Kanserden yaşam kayıplarının yaklaşık üçte birinin başlıca beş davranışsal ve beslenme ile ilgili risk faktörlerinden kaynaklandığını bildiren Prof. Dr. Yıldırım, Tütün kullanımı, yüksek beden kütle indeksi (fazla kilolu ya da şişman olma), meyve ve sebzeyi az tüketme, yetersiz fiziksel aktivite ve alkol kullanımı. Tütün kullanımı kanser için en önemli risk faktörüdür ve kanser ölümlerinin yüzde 22’sinden sorumludur. Hepatit ve insan papilloma virüsü (HPV) gibi kansere neden olan enfeksiyonlar, düşük ve orta gelirli ülkelerde kanser vakalarının yaklaşık yüzde 25'inden sorumludur. Günümüzde kanserin yüzde 30-50’si risk faktörlerinden kaçınma ve mevcut kanıta dayalı önleme stratejilerini uygulama yoluyla önlenebilir. Birçok kanserin iyileşme oranı, erken tanı konmuş ve uygun şekilde tedavi edilmişse yüksektir. Hangi bölgede olursa olsun kanserle mücadelede ve kanser hizmetlerinde öncelikler belirlenirken kanser yüküne ve o bölgede yoğun biçimde görülen kanser türlerine yönelik bilgi esas alınmalıdır” dedi.
Kanserden korunmada uyulması gereken kurallar nelerdir?

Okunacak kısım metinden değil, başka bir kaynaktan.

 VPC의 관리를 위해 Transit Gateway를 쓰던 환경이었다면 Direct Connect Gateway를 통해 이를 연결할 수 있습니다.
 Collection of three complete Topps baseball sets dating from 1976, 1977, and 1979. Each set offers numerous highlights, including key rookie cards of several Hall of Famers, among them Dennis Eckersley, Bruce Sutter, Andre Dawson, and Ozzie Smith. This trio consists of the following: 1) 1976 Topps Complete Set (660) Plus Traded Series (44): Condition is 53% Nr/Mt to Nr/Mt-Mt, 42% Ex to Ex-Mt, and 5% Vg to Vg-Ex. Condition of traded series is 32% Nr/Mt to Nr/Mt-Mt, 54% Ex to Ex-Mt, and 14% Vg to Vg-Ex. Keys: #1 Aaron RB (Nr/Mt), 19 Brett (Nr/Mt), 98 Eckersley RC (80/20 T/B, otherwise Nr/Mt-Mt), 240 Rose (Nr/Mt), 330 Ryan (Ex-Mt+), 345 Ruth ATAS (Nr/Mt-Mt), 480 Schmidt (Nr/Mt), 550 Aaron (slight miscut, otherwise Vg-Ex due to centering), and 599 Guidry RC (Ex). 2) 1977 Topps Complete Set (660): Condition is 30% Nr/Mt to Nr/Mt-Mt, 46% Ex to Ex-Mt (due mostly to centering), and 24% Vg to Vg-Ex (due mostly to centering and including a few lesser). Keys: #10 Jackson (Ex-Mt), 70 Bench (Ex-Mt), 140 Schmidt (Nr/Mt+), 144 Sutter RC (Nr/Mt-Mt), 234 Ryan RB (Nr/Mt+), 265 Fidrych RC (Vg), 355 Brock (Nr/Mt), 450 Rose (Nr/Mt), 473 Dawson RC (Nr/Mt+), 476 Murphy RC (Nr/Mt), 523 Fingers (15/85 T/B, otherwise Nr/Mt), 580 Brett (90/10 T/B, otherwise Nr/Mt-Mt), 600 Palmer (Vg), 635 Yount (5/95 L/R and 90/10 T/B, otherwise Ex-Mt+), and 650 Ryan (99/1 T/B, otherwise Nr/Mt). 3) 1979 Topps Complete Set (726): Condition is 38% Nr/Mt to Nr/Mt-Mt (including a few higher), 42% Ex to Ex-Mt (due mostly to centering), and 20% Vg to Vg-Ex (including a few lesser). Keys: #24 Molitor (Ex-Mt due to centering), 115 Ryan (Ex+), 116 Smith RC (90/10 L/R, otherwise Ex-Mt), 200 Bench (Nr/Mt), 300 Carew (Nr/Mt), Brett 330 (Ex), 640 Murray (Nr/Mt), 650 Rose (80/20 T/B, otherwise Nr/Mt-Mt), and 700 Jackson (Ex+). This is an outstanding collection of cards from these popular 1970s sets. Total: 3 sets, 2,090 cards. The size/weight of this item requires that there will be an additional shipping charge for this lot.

Kanserden korunmada kansere yol açtığı düşünülen etkenlerden sakınmanın, bunlarla etkileşimi en aza indirmenin ve prekanseröz (henüz kanserleşmemiş) lezyonların kanserleşmesine engel olmanın önemine de değinen Prof. Dr. Yıldırım, uyulması gereken noktaları şu şekilde sıraladı:
“Sigara içmeyin, içirmeyin. Haftada 3- 5 gün düzenli egzersiz yapılmalı. Şişmanlamayın. Günde 4-5 porsiyon meyve ve sebze tüketilmeli. Doymuş yağ miktarını diyette en aza indirilmeli. Günde bir kez düşük dozda aspirin alınmalı (kolon kanserinde koruyucu etkidedir). Alkol kullanılmamalı, kullanılıyorsa alkol miktarı azaltılmalı. Güneş yanıkları ve uzun güneş banyolarından kaçınılmalı.”

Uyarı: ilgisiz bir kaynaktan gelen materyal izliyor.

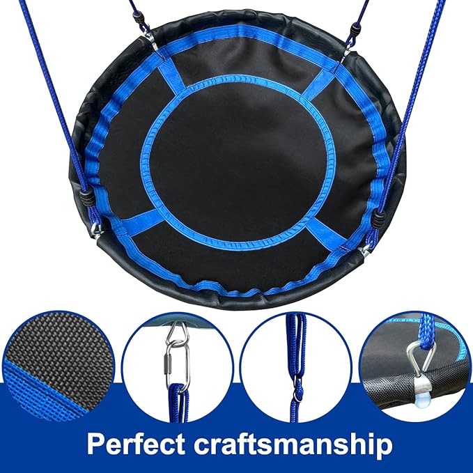 - Sturdy Saucer Swing: Composed of a strong galvanized chain and high-density textilene fabric cloth seat, it has strong UV resistance and will not fade for many years. The round swing seat with a diameter of 32 inches can allow 2-3 children to swing at the same time and enjoy a beautiful childhood

Kanserde erken tanı mümkün müdür?
Kanserde erken tanı olanaklarının bazı kanser türlerinde mümkün olduğunu anımsatan Prof. Dr. Yıldırım,“Sonuç olarak, kanserin kontrolünde korunma ile başlayan süreç, tarama çalışmaları ve sonunda kanserli hastanın terminal dönemde palyasyonuna kadar uzanmaktadır. Tüm aşamalarda, toplum ve hekimlerin eğitimi önemlidir. Hastanın yaşam kalitesini artıran destek tedavileri ile kanser tedavisi ve sonuçlarının izlenmesinde başarı için, multidisipliner (disiplinler arası) yaklaşım zorunludur” diye konuştu.